[llvm-dev] enabling interleaved access loop vectorization
Michael Kuperstein via llvm-dev
llvm-dev at lists.llvm.org
Fri Aug 5 16:18:47 PDT 2016
As Ashutosh wrote, the BasicTTI cost model evaluates this as the cost of
using extracts and inserts.
So even if we end up generating inserts and extracts (and I believe we
actually manage to get the right shuffles, more or less, courtesy of
InstCombine and the shuffle lowering code), we should be seeing
improvements with the current cost model.

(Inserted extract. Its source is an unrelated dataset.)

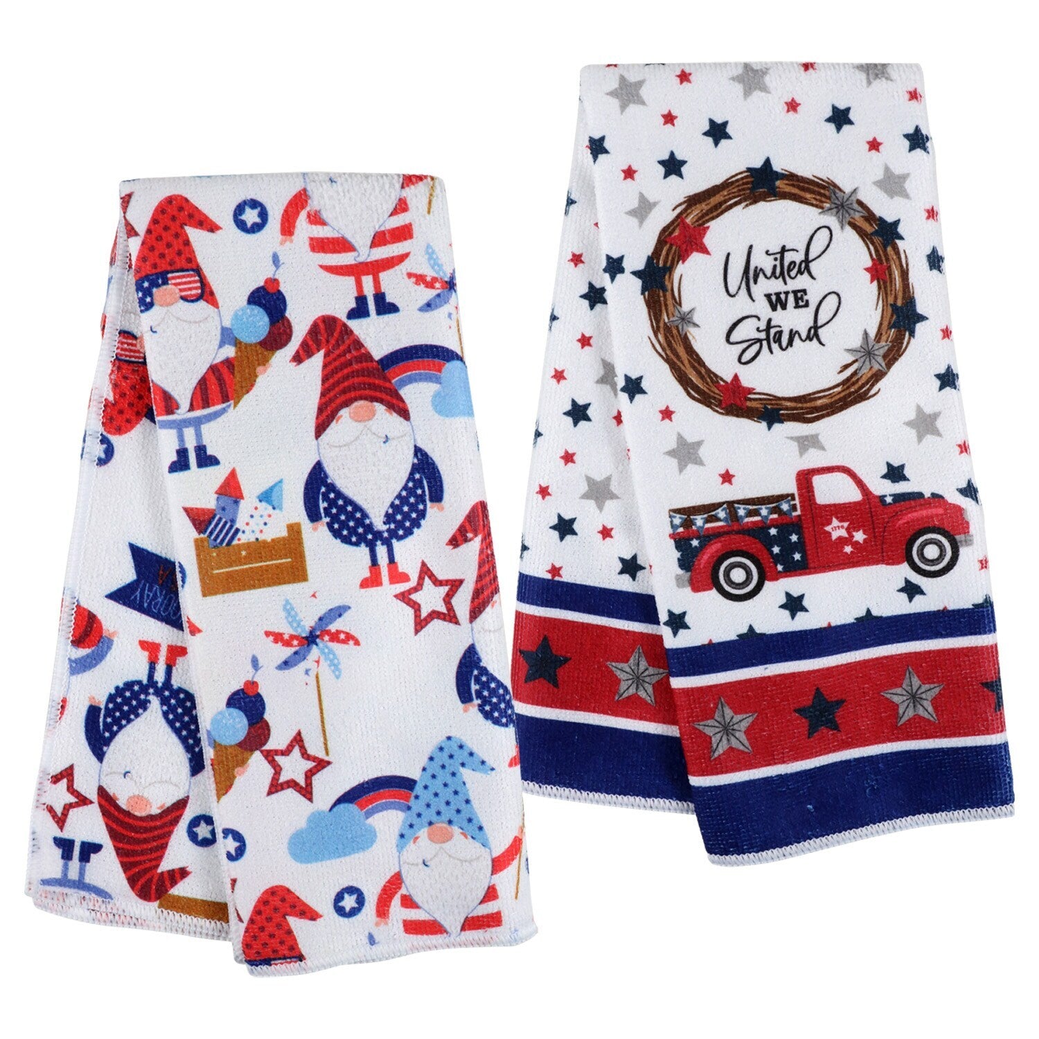 Comes with (Pack of 24). Display your patriotism with these beautiful kitchen towels! Home Collection™ Patriotic Kitchen Towels measure 15x25-in. and are 100% polyester for easy kitchen cleanup. They are assorted between the two styles shown in red, white, and blue. These towels are perfect for Memorial Day and Fourth of July cookouts, barbecues, pool parties, and summer kitchen decorating.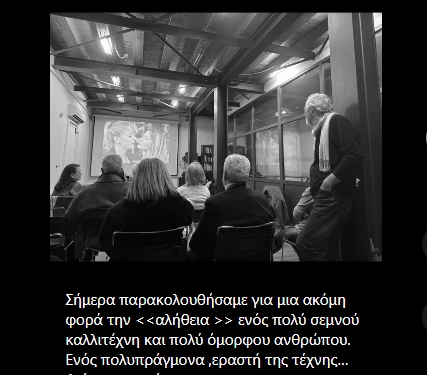 Η προβολή με προτζέκτορα κράτησε μιά ώρα περίπου και για άλλη μία φορά μας αποζημίωσε, αρκούντως. Το περιεχόμενο, τμήματος της μεγάλης συλλογής του ήταν: Φωτογραφίες δρόμου – τοπία και πορτρέτα.

I agree that we can get *more* improvement with better cost modeling, but
I'd expect to be able to get *some* improvement the way things are right
now.
That's why I'm curious about where we saw regressions - I'm wondering
whether there's really a significant cost modeling issue I'm missing, or
it's something that's easy to fix so that we can make forward progress,
while Ashutosh is working on the longer-term solution.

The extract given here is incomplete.